**Work instructions**
Set every record down again exactly. Do not carry over the pictures.

[Collected data entries]
____

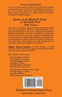 This version of Goodwin's text is the one enlarged in 1899 from its original 1860 form. The aim of this paperback edition is to make the work available to new generations of Greek scholars who should find its comprehensiveness, clarity and its profusion of specific examples from the major Greek authors a valuable source of reference.
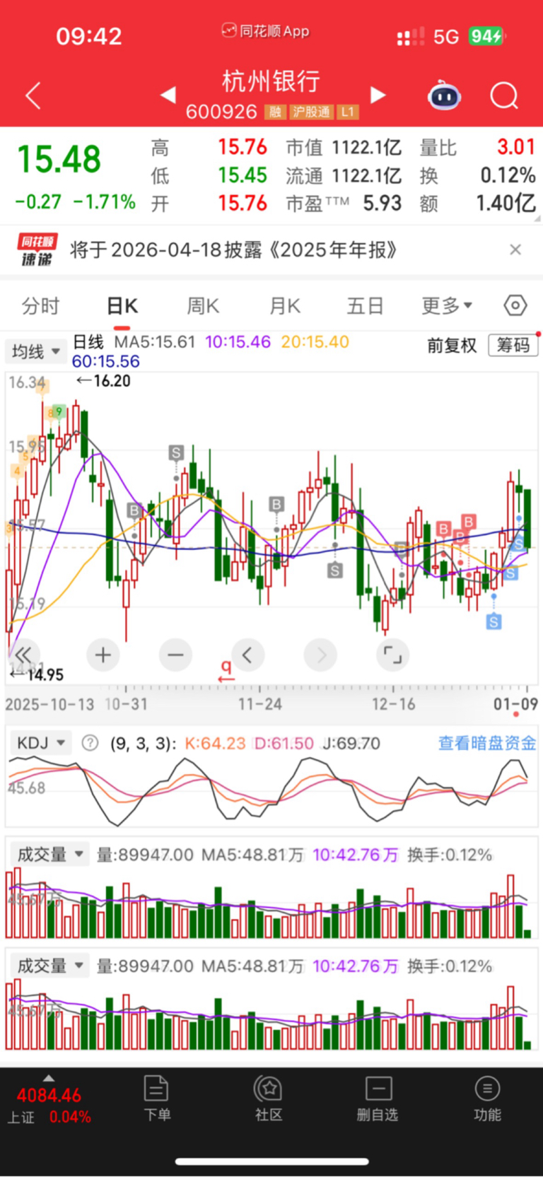 $杭州银行(SH600926)$ 3字头回来
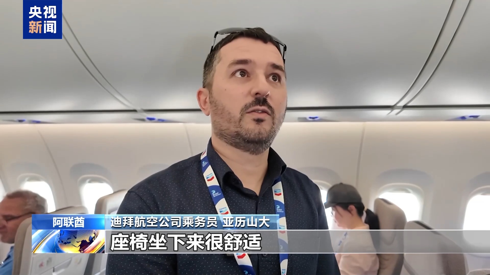 迪拜航空公司乘务员 亚历山大:座椅坐下来很舒适。这架飞机布局很好,空间很大。这是我第一次亲眼看到这架飞机,我对它很感兴趣。
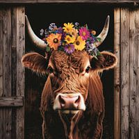 Hoogland, Koe, Bloemenkrans, Stal, Hoorns, Roodbruin, Zonnebloemen, Portret, Vee, Hout, Dieren, Boerderij, Schuur, Bloesem, Geel, Oranje, Roze, Paars, Rustiek, Landleven, Natuur, Decoratie, Koper, Bont, Vee, Landelijk, Zomer, Gezellig, Pastoraal, Traditie
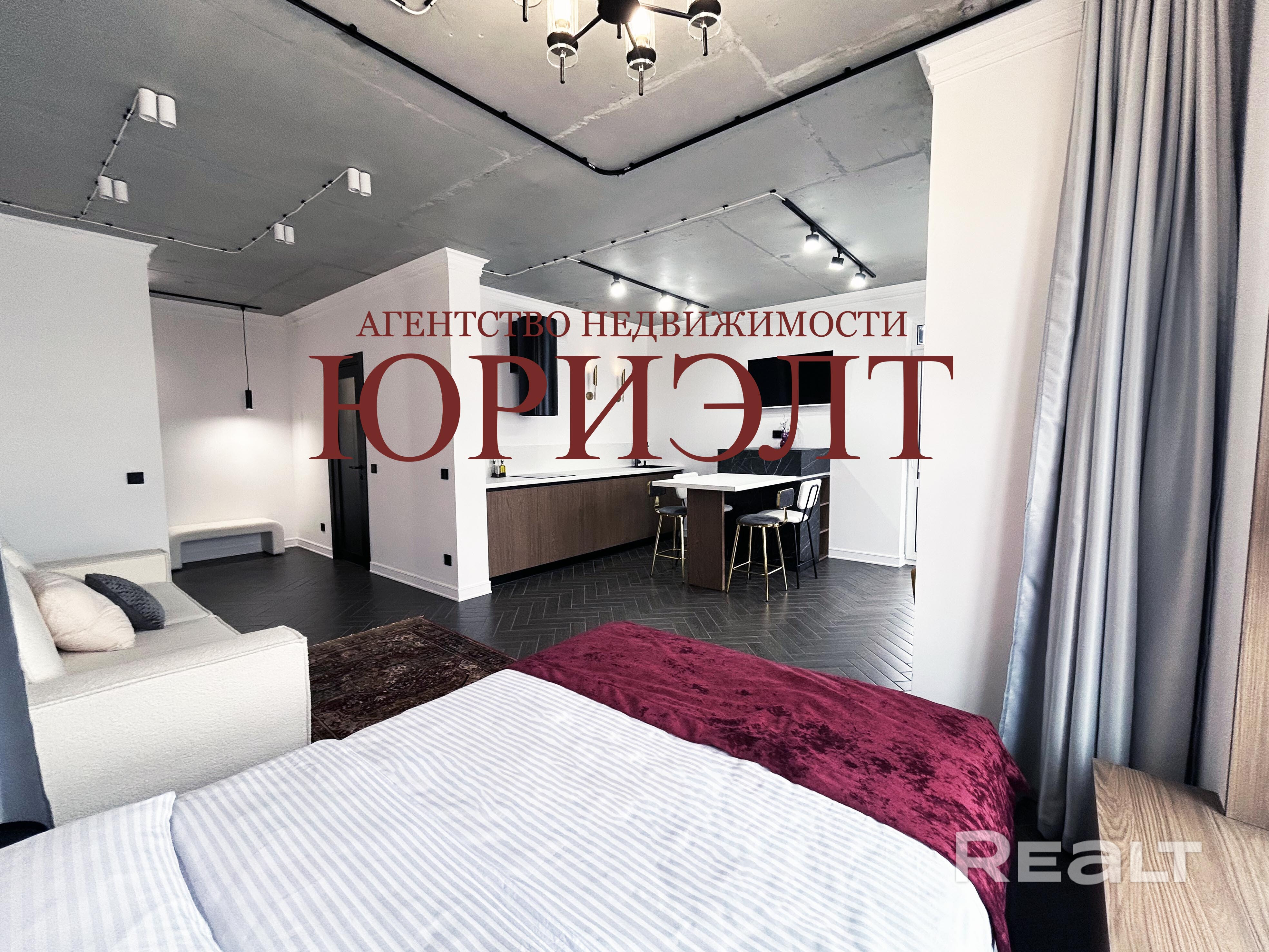 Стильная квартира-студия в ЖК «Купальский» Улица Советских Пограничников,57 Блочный дом 2024 года постройки 5 этаж из 8 Общая площадь квартиры 43,7 кв. м.

____

**Answer box**
 This version of Goodwin's text is the one enlarged in 1899 from its original 1860 form. The aim of this paperback edition is to make the work available to new generations of Greek scholars who should find its comprehensiveness, clarity and its profusion of specific examples from the major Greek authors a valuable source of reference.
 $杭州银行(SH600926)$ 3字头回来
 迪拜航空公司乘务员 亚历山大:座椅坐下来很舒适。这架飞机布局很好,空间很大。这是我第一次亲眼看到这架飞机,我对它很感兴趣。
 Hoogland, Koe, Bloemenkrans, Stal, Hoorns, Roodbruin, Zonnebloemen, Portret, Vee, Hout, Dieren, Boerderij, Schuur, Bloesem, Geel, Oranje, Roze, Paars, Rustiek, Landleven, Natuur, Decoratie, Koper, Bont, Vee, Landelijk, Zomer, Gezellig, Pastoraal, Traditie
 Стильная квартира-студия в ЖК «Купальский» Улица Советских Пограничников,57 Блочный дом 2024 года постройки 5 этаж из 8 Общая площадь квартиры 43,7 кв. м.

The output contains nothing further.